Come già nei casi delle due attrici dell’Est, anche mentre risuona la sua voce scorre sullo schermo la versione italiana degli esametri virgiliani, ma senza dare l’impressione di una mera trasposizione linguistica: si direbbe, piuttosto, di assistere al sovrapporsi di due codici comunicativi – la parola scritta e il puro suono – ciascuno dei quali aggiunge qualcosa all’altro, lo integra con un ulteriore carico di sentimento o di pensiero.
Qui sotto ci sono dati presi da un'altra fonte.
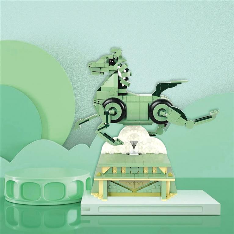 中國(guó)甘肅網(wǎng)6月23日訊 據(jù)蘭州晚報(bào)報(bào)道 在萬物皆可“盤”的世界里,素來只有想不到?jīng)]有做不到。近日,由甘肅省博物館推出的首款銅奔馬立體積木再次“出圈”,成為年輕人愛不釋手爭(zhēng)相“盤”玩的文創(chuàng)對(duì)象。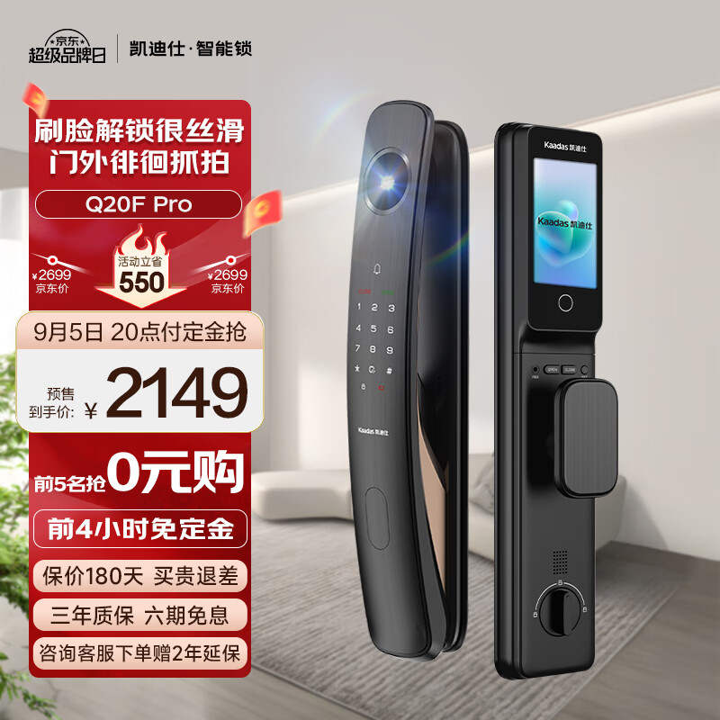 凯迪仕(kaadas)指纹锁可视猫眼监控摄像智能门锁 人脸识别智能锁 Q20F Pro价格:2569.00元!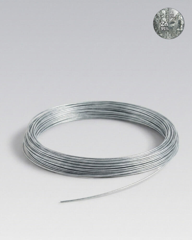 Crapal draad is staaldraad met een hoogwaardige coating van 95% zink en 5% aluminium. Deze combinatie zorgt voor een sterkere en duurzamere bescherming tegen corrosie dan standaard verzinkt draad. Hierdoor gaat het draad langer mee, zelfs in vochtige omgevingen waar gewasdraad intensief wordt gebruikt.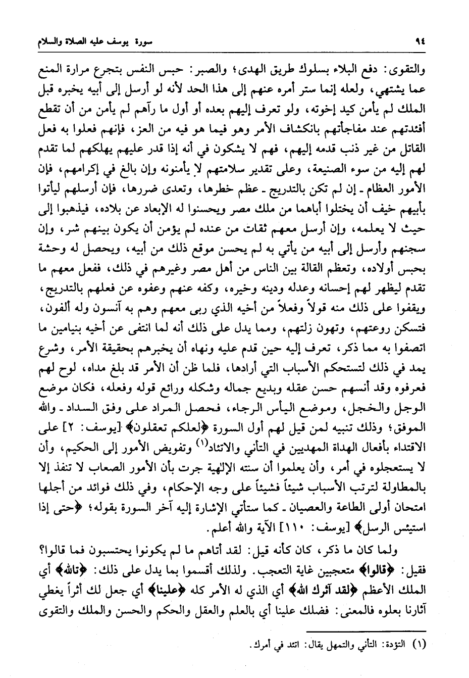 [ يوسف : 2 ] على الاقتداء بأفعال الهداة المهديين في التأني والاتئاد وتفويض الأمور إلى الحكيم ، وأن لا يستعجلوه في أمر ، وأن يعلموا أن سنته الإلهية جرت بأن الأمور الصعاب لا تنفذ إلا بالمطاولة لترتب الأسباب شيئاً فشيئاً على وجه الإحكام ، وفي ذلك فوائد من أجلها امتحان أولى الطاعة والعصيان - كما ستأتي الإشارة إليه آخر السورة بقوله ؛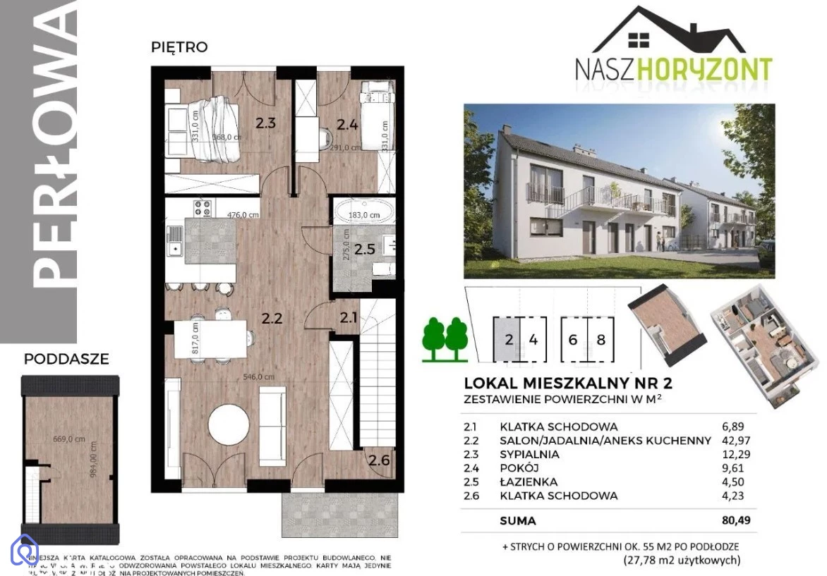 - powierzchnia mieszkań (69 m2 na parterze oraz aż 108 m2 na piętrze - 80 m2 na piętrze + balkon + 28 m2 strych na piętrze)

E questo incrocio di percezioni, questa sorta di scambio nelle alchimie interiori dello spettatore appare come uno dei risultati più sorprendenti dello spettacolo degli Anagoor, dove i brani poetici sollecitano la mente e gli interventi con funzione in qualche modo esplicativa suscitano invece un’insondabile, profonda commozione.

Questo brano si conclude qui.